*** Block opens ***
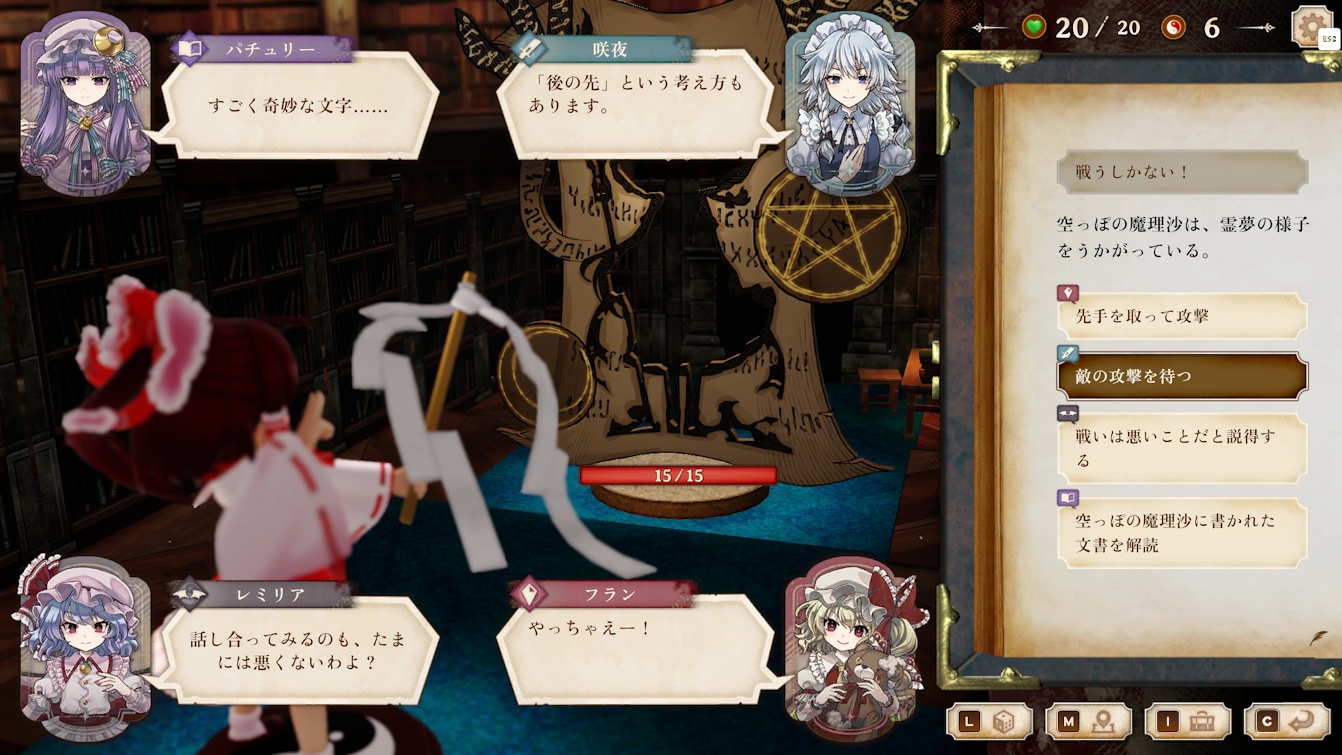 的,則是蕾米莉亞、芙蘭朵露、咲夜、帕秋莉四人。她們會隨意對書中的劇情發表意見,無論是傾聽她們的聲音,或是相信自己的判斷,玩家將可以用自己的方式引導靈夢找回魔理沙。
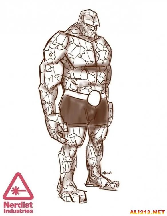 杰米•贝尔饰演石头人,老版中的紧身长裤改良成平角内裤的式样,更贴近漫画原著中的造型
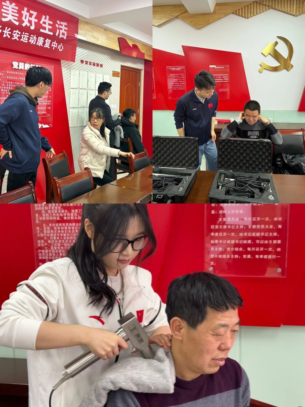 会议结束后,金专家和我校康保团队为西安六十二中的老师们和运动员们进行一对一的康复治疗和训练指导。使用DMS深肌松解仪为肩颈上肢有疼痛的患者进行治疗并提出后期康复动作指导,收获好评满满!本次外出联合活动完美落幕,也希望康保在以后的日子里能有更多学习交流外出义诊的机会!未来可期,携手共进。舍予长安运动康复中心负责人表示,未来将继续加强与高校的合作,积极开展各类公益活动,为普及运动康复知识、提升全民健康水平贡献力量。西安体育学院运动康复保健协会团队也表示,将继续发挥专业优势,积极参与社会服务,为健康中国建设添砖加瓦。
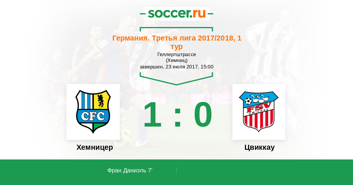 7' (1:0) Фран Даниэль (11) (Млыниковски Маркус (25))
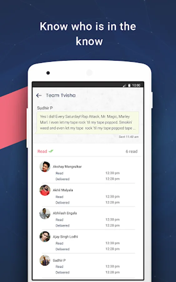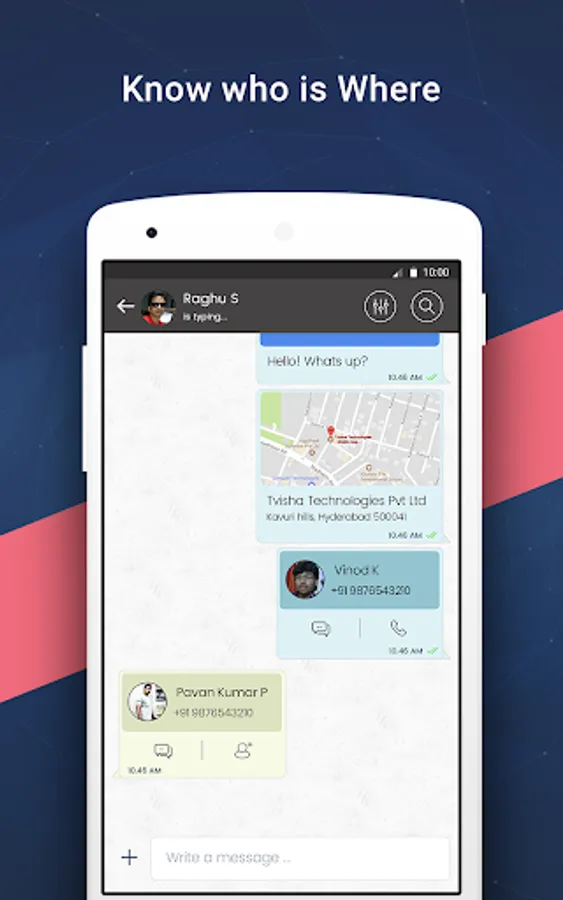 Location and contact sharing- Allows to share your current location with team and boss with team chat app and directly make a call to shared contacts to catch up with your colleagues
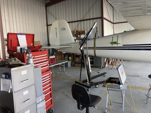 Used Kurt's engine hoist to set up airplane on scales in level attitude. Took weights and measurments, and made calculations per Cessna Weight Computation instructions.
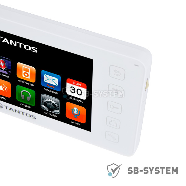 • домофон Tantos Prime 7" (White) обладнано кольоровим TFT-екраном з діагоналлю 7 дюймів, високою чіткістю і гарною передачею кольору;
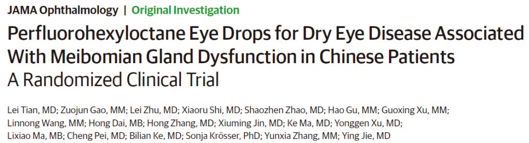 近日,由首都医科大学附属北京同仁医院接英教授牵头的多中心、随机、双盲、对照Ⅲ期临床研究(研究编号SHR8058-301)结果在国际知名医学期刊《美国医学会杂志》(JAMA)眼科子刊(JAMA ophthalmology IF:7.389)在线发表。该研究旨在评价SHR8058滴眼液在中国睑板腺功能障碍(MGD)相关干眼症患者中的疗效和安全性。研究结果显示,SHR8058滴眼液有效改善MGD相关干眼病的症状和体征,起效迅速,有着良好的耐受性和安全性,有望为患者带来新的治疗选择。
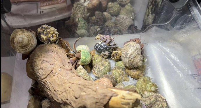 玻璃钢旁边还摆放着各式螺壳,“养寄居蟹的乐趣就在于给它买不同的‘房子’,它们有自己的审美,会选择自己认为漂亮的‘房子’。”工作人员说,“如果主人准备的螺壳很多,它还可能陷入选择困难症,这种可爱的个性让很多年轻人‘入坑’。”
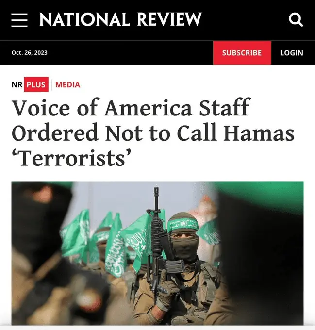 Voice of America Orders Reporters Not to Call Hamas Terrorists!
*** Block closes ***
Precisely those lines above that run from the line with "Location and contact" up to and including the line with "гарною передачею кольору;" are to be set down, with the pictures omitted.

*Result of this task*
 Location and contact sharing- Allows to share your current location with team and boss with team chat app and directly make a call to shared contacts to catch up with your colleagues
 Used Kurt's engine hoist to set up airplane on scales in level attitude. Took weights and measurments, and made calculations per Cessna Weight Computation instructions.
 • домофон Tantos Prime 7" (White) обладнано кольоровим TFT-екраном з діагоналлю 7 дюймів, високою чіткістю і гарною передачею кольору;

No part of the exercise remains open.